SALT LAKE CITY — A massive new public lands bill introduced Wednesday by two Utah politicians would create a new national monument, a national conservation area and hundreds of thousands of wilderness acres in central Utah.
The bill would protect the Cleveland-Lloyd Dinosaur Quarry and land north and south of the San Rafael Swell. The bill also proposes several new wilderness areas near the San Rafael Swell and northeast Emery County, and would grow Goblin Valley State Park by nearly 10,000 acres.
The bill could also transfer nearly 100,000 acres to the Utah School and Institutional Trust Lands Administration, which manages parcels of state-owned lands throughout Utah as part of a trust to support institutions in the state, including public schools.
So what is a public lands bill, and what does it do?
In the U.S., cities, counties, states and the federal government all manage land referred to as public lands. Most public lands in the country are owned by the federal government. In Utah, the federal government owns approximately 64 percent of Utah.
Federally-owned land in the state is managed by agencies like the Bureau of Land Management, the U.S. National Park Service, the Bureau of Reclamation, the Department of Defense, the Department of Energy and others.
In general, Congress must legislate the creation or acquisition of new public lands. In some cases, the president may designate new national monuments without congressional authorization if the monument is on federally-owned land.
Utah has 13 areas designated as national monuments that were created by past presidents, though President Donald Trump recently changed the designations of the Grand Staircase-Escalante National Monument and Bears Ears National Monument.
A public lands bill can designate federal land for specific uses, including national parks, monuments, forests, wildlife refuges, conservation areas, historic sites and more. Utah currently has five national parks and eight national monuments. Here is an explanation of the differences between national monuments and parks.

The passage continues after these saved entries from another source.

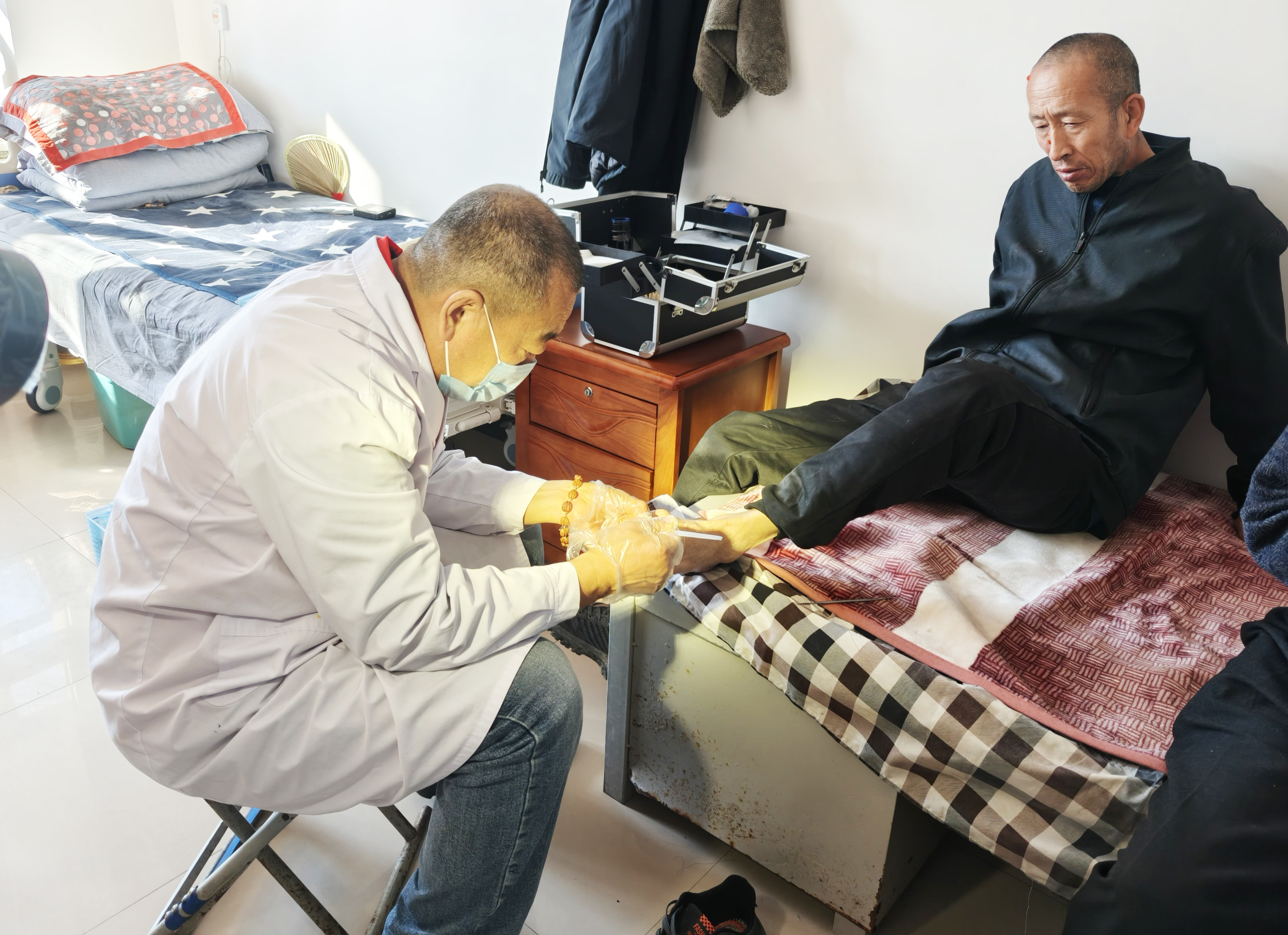 大家一起走进屋,杜大爷抢先坐到了床边,脱掉鞋袜让李季看:“杜大爷,你的脚是年轻时出力、挤压,导致脚变形。” 87岁的刘大爷耳朵有点儿背,坐在一边静静地等着,也不说话,当轮到他时,李季亲自为他脱鞋,刘大爷腼腆地说:“不用,不用,我自己来,要不我先洗洗脚吧?”李季边脱边说:“没事儿。”双手托起老人的脚,开始细心地修理、杀菌、上药、包扎,很快就修好了。刘大爷感激地一直拱手,说:“舒服多了,谢谢!” 祛痣后,李季叮嘱董叔:“每天可以正常洗,但不能用手挠。你的大脚指甲有些向内抠,修一修就好了,无大碍。” 李季耐心地为每一位老人修脚、嘱咐注意事项,房间里洋溢着浓浓的温情。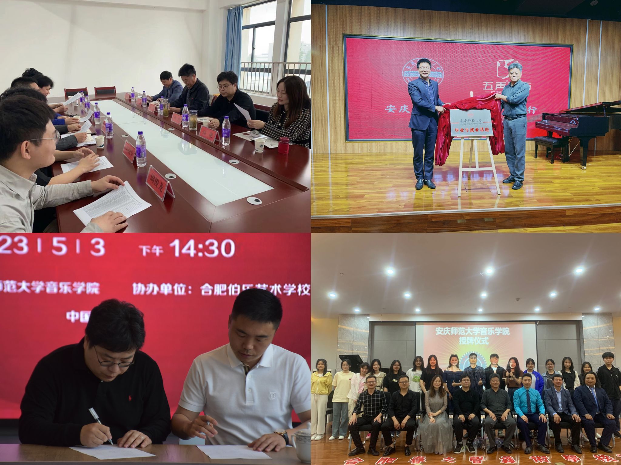日前,音乐学院党委书记张铭,副院长徐冉、高艳,副书记肖之进等赴合肥访企拓岗,与用人单位签订毕业生就业基地合作协议并挂牌。访企拓岗期间召开了合肥市校友代表座谈会,开展音乐学专业人才培养方案专题调研。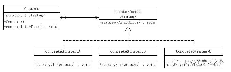 2、Strategy:策略接口或者策略抽象类,定义一系列抽象的算法策略.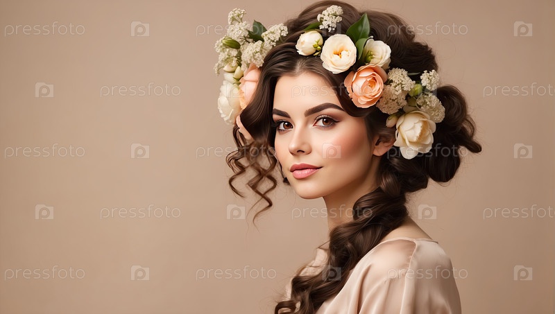 Брюнетка с короткими локонами и белой цветочной короной, бежевый фон, портрет весенней флористики, женственность, нежность, романтика, 8 марта, женский день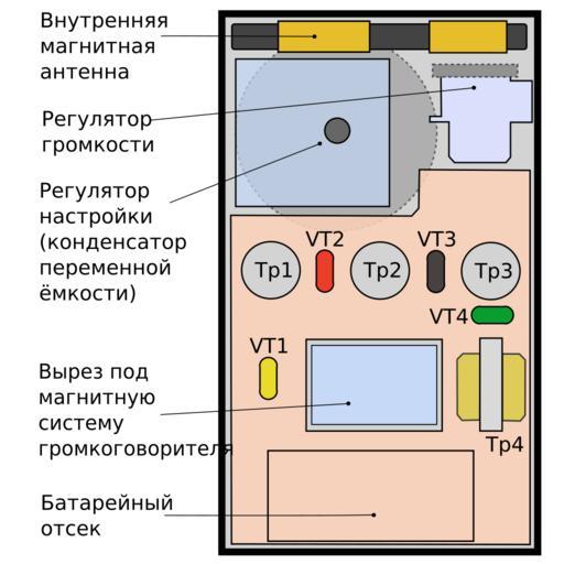 | Keywords: Regency TR1 layout RUS.svg Компоновка п иёмника Regency TR1 - вид с тыльной сто оны VT1-VT4 - т анзисто ы цвет соотвествует заводской ма ки овка Т 1-Т 3 межкаскадные т ансфо мато ы Т 4 выходной т ансфо мато <br>Layout of Regency TR-1 radio legend in Russian own 02 04 2012 Retired electrician based on photographs by Steve Reyer reproduced in http //sites google com/site/transistorhistory/Home/us-semiconductor-manufacturers/ti Early Semiconductor History of Texas Instruments by Mark Burgess <gallery> File Regency TR1 layout ES svg language es </gallery> Regency TR-1 SVG diagrams in Russian Cc-zero |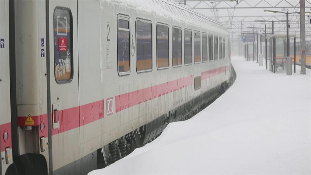 連接荷蘭與德國的國際鐵路因暴風雪而停駛。(圖/擷取自路透社影片)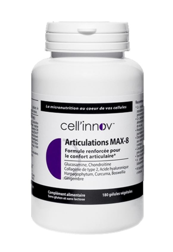 - Complément alimentaire à base de glucosamine, chondroïtine, collagène de type 2, acide hyaluronique, harpagophytum, curcuma, boswellia et gingembre.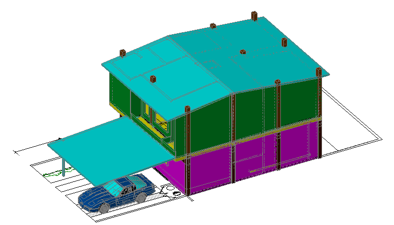 Front 3d elevation design of house, 3D elevation of house, 3d detailing of house, top view and front view design in auto cad format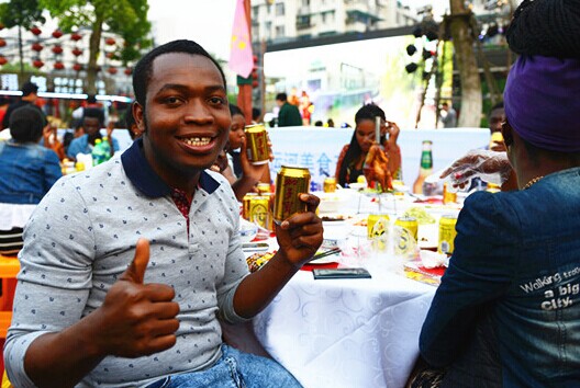 圖為活動現(xiàn)場游在享用美食 胡耀剛 攝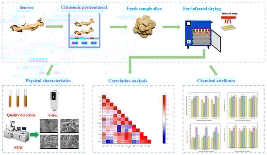 The drying test was carried out in a far-infrared drying oven. Before the test, the equipment was adjusted to the preset parameters (drying power 900 W, temperature 50 °C) for preheating. After ultrasonic pretreatment, the samples were drained from the surface, sliced, weighed (120.0 ± 0.5) in a single layer, placed on trays, and dried in the far-infrared drying equipment (the optimal process for the far-infrared drying of licorice was obtained from the pre-test at a drying temperature of 50 °C and a slice thickness of 4 mm, so these were set as the fixed drying parameters). During the drying process, the sample trays were removed every 20 min, weighed on a digital balance with an accuracy of ±0.001 g (AUW-220D, Shimadzu, Japan), and then placed back in the drying oven to continue drying until the moisture content of the sample decreased by less than 12% []. Each group of tests was repeated three times, and the average value was taken as the test value. To verify the result of pretreatment on the of far-infrared drying effect on licorice, far-infrared dried licorice without ultrasonic pretreatment was selected as a control group for comparison. The experimental procedure is shown in Figure 1.

The new public lands bill in Utah, known as the Emery County Public Land Management Act of 2018, comes after a shakeup last year when President Trump signed an executive order reducing Bears Ears and Grand Staircase-Escalante national monuments.
The bill would redesignate land to create a new national monument, a national conservation area and wilderness acres, but also hand some of the land over to the state’s Utah School and Institutional Trust Lands Administration to use as it sees fit.
“This bill is a win for everybody. It balances the needs of funding for Utah’s schools and conserving some of our nation’s most pristine land and resources,” Rep. John Curtis, R-Uah, said in an emailed statement. “This is truly a local solution championed by the locals closest to the land.”